Cosa Google blocca espressamente
Restrizioni tecniche specifiche del settore sulla piattaforma:
✕ Immagini before/after negli annunci: non sono ammesse.
✕ Contenuti che correlano il servizio a un “corpo perfetto”: bloccati.
✕ Remarketing e personalizzazione basati su interessi e dati delgi utenti.

Cosa la normativa vieta
Sul piano deontologico, sono da escludere: le promesse di risultati, i messaggi che inducono insicurezza o suggeriscono trattamenti non necessari, le tariffe promozionali o gli sconti usati come leva commerciale, le comparazioni con altri professionisti e i claim aggressivi. Non è una questione di tono: è il confine tra informazione lecita e pubblicità vietata.
Cosa puoi fare bene
Lo spazio per una comunicazione efficace e conforme c’è, ed è più solido di qualsiasi claim. Puoi informare correttamente su trattamenti, tecnologie e percorsi; valorizzare la competenza e l’esperienza dell’équipe; usare il geotargeting per intercettare la domanda locale; rispondere con pagine chiare alle domande reali di chi si informa. Keyword informative e locali (“medicina estetica viso Firenze”, “consulto medicina estetica zona”) portano persone già interessate, senza bisogno di promettere nulla. È lo stesso principio del marketing per la medicina estetica e della SEO di settore: farsi trovare con autorevolezza.
Impostare campagne conformi
In medicina estetica il margine d’errore su Google Ads è minimo: una comunicazione sbagliata espone a contestazioni e alla sospensione dell’account pubblicitario. È esattamente qui che conoscere i vincoli del settore diventa un vantaggio competitivo.
Dal 2012 affianchiamo cliniche e professionisti costruendo campagne informative e conformi — alla normativa e alle policy della piattaforma — che fanno crescere senza rischi. Scopri il nostro servizio di Google Ads e valutiamo insieme la strategia più adatta alla tua struttura.
Domande frequenti
Si può pubblicizzare la medicina estetica su Google Ads?
Sì, ma è uno dei settori più regolamentati. La comunicazione deve essere esclusivamente informativa secondo la normativa sanitaria italiana, e deve inoltre rispettare le policy di Google per il settore medico, che prevedono verifiche dell’inserzionista e limiti specifici sui contenuti. Si può fare, a condizione di conoscere entrambe le regole.
Cosa vieta Google nelle campagne di medicina estetica?

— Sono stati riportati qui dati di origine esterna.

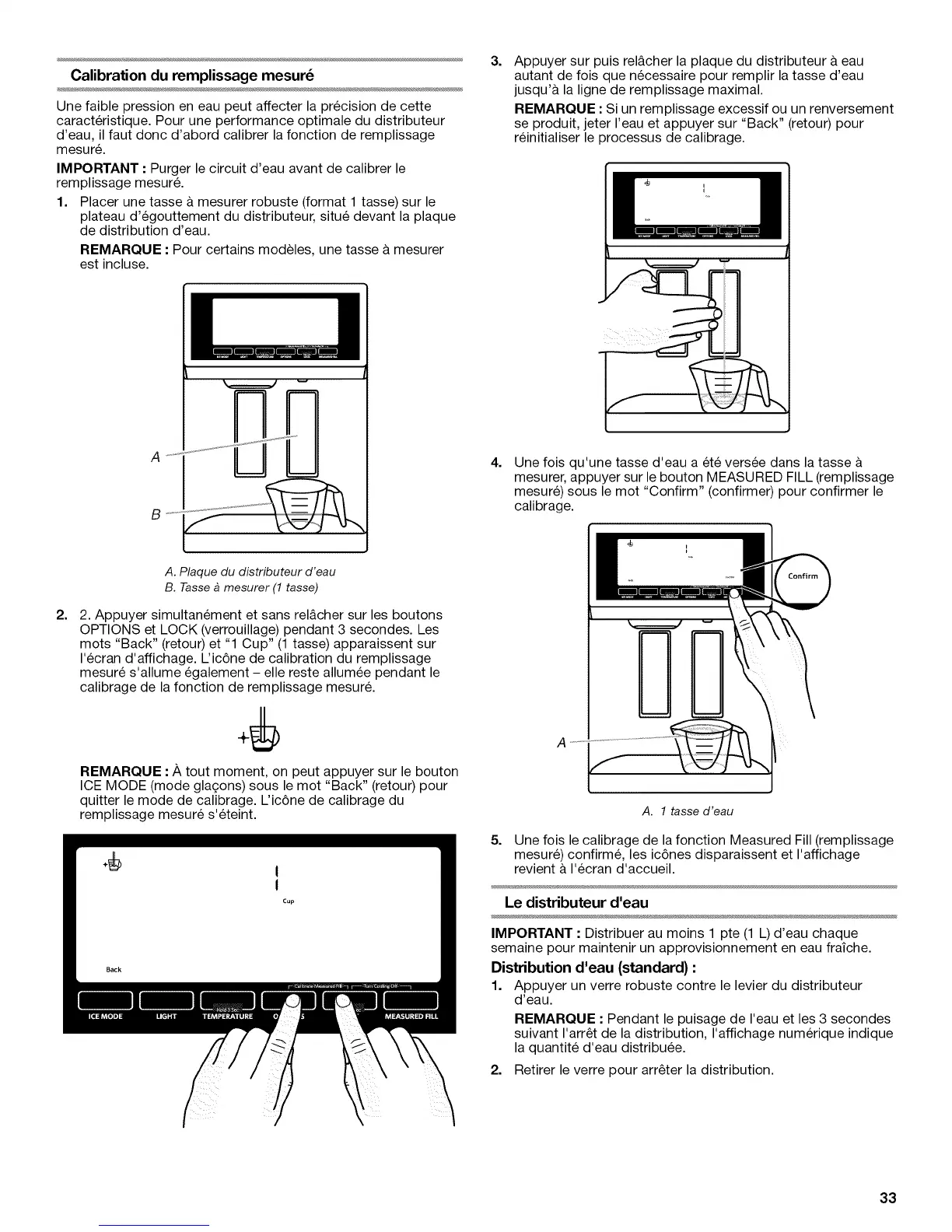 Appuyer sur puis rel&cher la plaque du distributeur a eau

Google non consente immagini before/after negli annunci, né contenuti che correlino il servizio a un “corpo perfetto”. Richiede autorizzazioni specifiche per alcuni servizi, come la chirurgia estetica, applica verifiche dell’inserzionista e limita il remarketing e la personalizzazione su pagine a tema salute, a tutela della privacy.
Cosa dice la legge italiana sulla pubblicità in medicina estetica?
La normativa, Legge 145/2018 e Codice di Deontologia Medica, stabilisce che la comunicazione sanitaria deve essere informativa, sobria e verificabile, mai promozionale o suggestiva. Sono vietati claim aggressivi, promesse di risultati, tariffe promozionali come leva commerciale e messaggi ingannevoli.
Quali parole chiave si possono usare?
Keyword informative e locali, legate alle prestazioni e alle domande dei pazienti, senza promettere risultati: per esempio “medicina estetica viso Firenze” o “consulto medicina estetica zona”. L’obiettivo è farsi trovare da chi cerca informazioni, non indurre o garantire un esito.
Serve un’autorizzazione per pubblicizzare la chirurgia estetica?
Per alcuni servizi sanitari, tra cui la chirurgia estetica, Google richiede autorizzazioni o certificazioni specifiche prima di approvare gli annunci, oltre alla verifica dell’identità dell’inserzionista. È un passaggio tecnico che va gestito correttamente, altrimenti gli annunci vengono rifiutati.